RECORD SET »
:::
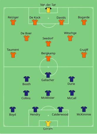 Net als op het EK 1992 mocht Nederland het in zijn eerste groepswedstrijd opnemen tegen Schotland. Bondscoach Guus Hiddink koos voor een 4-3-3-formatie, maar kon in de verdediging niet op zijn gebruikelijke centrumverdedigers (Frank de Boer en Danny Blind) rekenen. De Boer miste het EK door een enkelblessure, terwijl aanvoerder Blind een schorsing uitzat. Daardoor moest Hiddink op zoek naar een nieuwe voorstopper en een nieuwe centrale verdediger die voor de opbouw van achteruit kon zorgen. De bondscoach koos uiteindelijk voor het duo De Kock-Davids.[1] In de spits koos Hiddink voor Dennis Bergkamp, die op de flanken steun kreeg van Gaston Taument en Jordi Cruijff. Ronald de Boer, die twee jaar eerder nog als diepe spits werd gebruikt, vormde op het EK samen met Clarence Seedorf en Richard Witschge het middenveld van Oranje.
:::
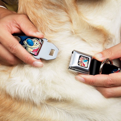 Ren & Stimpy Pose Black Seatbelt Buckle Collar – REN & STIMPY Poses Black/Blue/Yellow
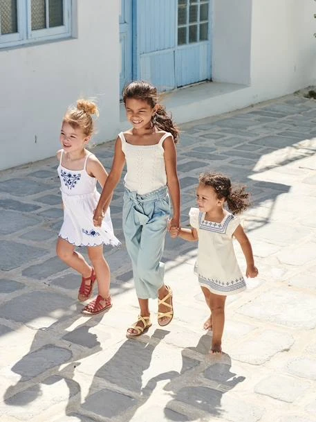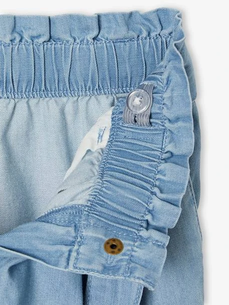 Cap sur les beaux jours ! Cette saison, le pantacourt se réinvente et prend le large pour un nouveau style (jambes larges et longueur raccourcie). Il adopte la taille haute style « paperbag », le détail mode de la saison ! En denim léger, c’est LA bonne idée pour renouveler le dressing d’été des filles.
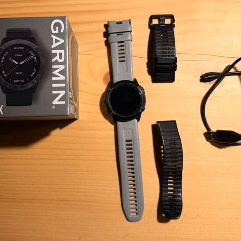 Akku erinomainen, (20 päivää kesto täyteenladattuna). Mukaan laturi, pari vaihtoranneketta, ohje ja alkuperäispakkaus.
:::
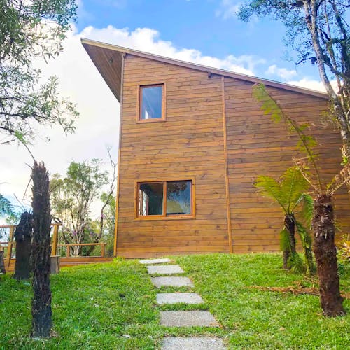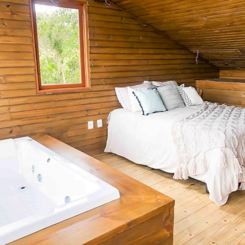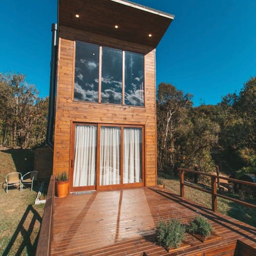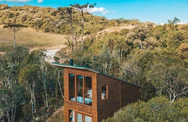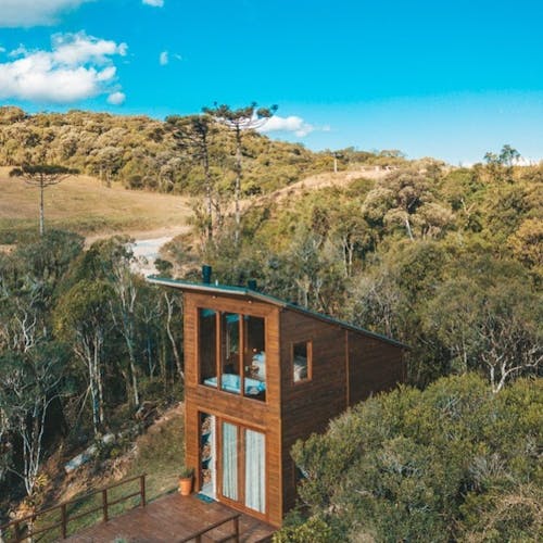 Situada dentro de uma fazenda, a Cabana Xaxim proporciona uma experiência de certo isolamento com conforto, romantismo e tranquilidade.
:::
WHAT IS EXPECTED »
Print, exactly, each line above from the one with "Ren & Stimpy Pose Black" to the one with "Cap sur les", end lines included. Leave pictures out of it.

WRITTEN ANSWER »
 Ren & Stimpy Pose Black Seatbelt Buckle Collar – REN & STIMPY Poses Black/Blue/Yellow
 Cap sur les beaux jours ! Cette saison, le pantacourt se réinvente et prend le large pour un nouveau style (jambes larges et longueur raccourcie). Il adopte la taille haute style « paperbag », le détail mode de la saison ! En denim léger, c’est LA bonne idée pour renouveler le dressing d’été des filles.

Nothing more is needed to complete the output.